I told her to cheer up, we weren’t dead yet. But that choice of words cast a harbinger across my path and I saw the Reaper’s face in the white, billowing clouds. Whatever was coming between Dante and me was inevitable now, like a river pushing everything out of its path. If he didn’t find me, I’d find him.

Today the harbor held a deceptive sense of tranquillity. Hard to imagine it filled with gunboats and bursting shells on this quiet day 120-odd years later; harder yet to understand the national lunacy that had led us there.

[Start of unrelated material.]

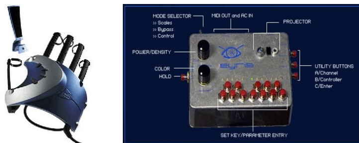
Figura 1. Guante P5 y controlador Eyriss

El sonido de toda la obra es cuadrafónico, tanto en los procesos en tiempo real como en las secciones que tienen elementos pre-grabados. Los cuatro canales que salen del computador y los sonidos provenientes de los instrumentos entran a un mezclador principal donde son espacializados adecuadamente. En algunas secciones las voces entran directo a la consola y son amplificadas (con algo de reverberación de un procesador externo), mientras que en otras, las voces pasan por procesos electrónicos en el computador.

For a moment I wondered what those Rebels, strutting around like peacocks, would have done if they’d known what a disaster they were bringing upon themselves and their sons, but I knew. Destroying themselves was just in their nature.

The fortress rose out of the water and took on color and life, a pentagon of red bricks turning pale with age. The boat made a circle and eased in toward the dock. It had a full load of passengers with both decks crowded, and we sat in the sun until most of the people were off. Two rangers met us on the pier. Koko told them she was looking for Luke Robinson, and we were directed inside the fort, where we found a uniformed man giving the tour.

What remained of Fort Sumter was the outer wall, and under it the shadowy gun rooms with vintage cannons, dark passages that went into black places under the wall, and the brick ruins of the officers’ quarters. Running down the length of the old parade ground was a black battery, a fort within a fort that was obviously of a different era. The ranger was explaining it as we came in. It was called Battery Huger, built as part of the coastal defense system during the Spanish American War. Today it housed the museum, rest rooms, and a small living space for him and his wife. Nearby were the remains of a small-arms magazine that had exploded in 1863, killing eleven men and wounding forty, leaving the wall still blackened and leaning from the force of it.

We waited through the tour, about twenty minutes, then the crowd was sent off to explore on its own. Koko approached the ranger, a lanky man in his thirties with a grand mustache.

“Mr. Robinson?”

“Yes, ma’am, at your service.”

Koko introduced us. “I was told you might know about the time Richard Burton spent in Charleston.”

“Oh, wow, where’d you hear that?”

“In town, at the Library Society.”

“I didn’t know librarians talked about people’s private research projects.”

“I’m a librarian myself. I promised her it wouldn’t go any further without your consent. We’re looking for proof that Burton was here in May of 1860.“

“Good luck. You’re chasing a real will-o‘-the-wisp. We haven’t found a single thing you can take to the bank.”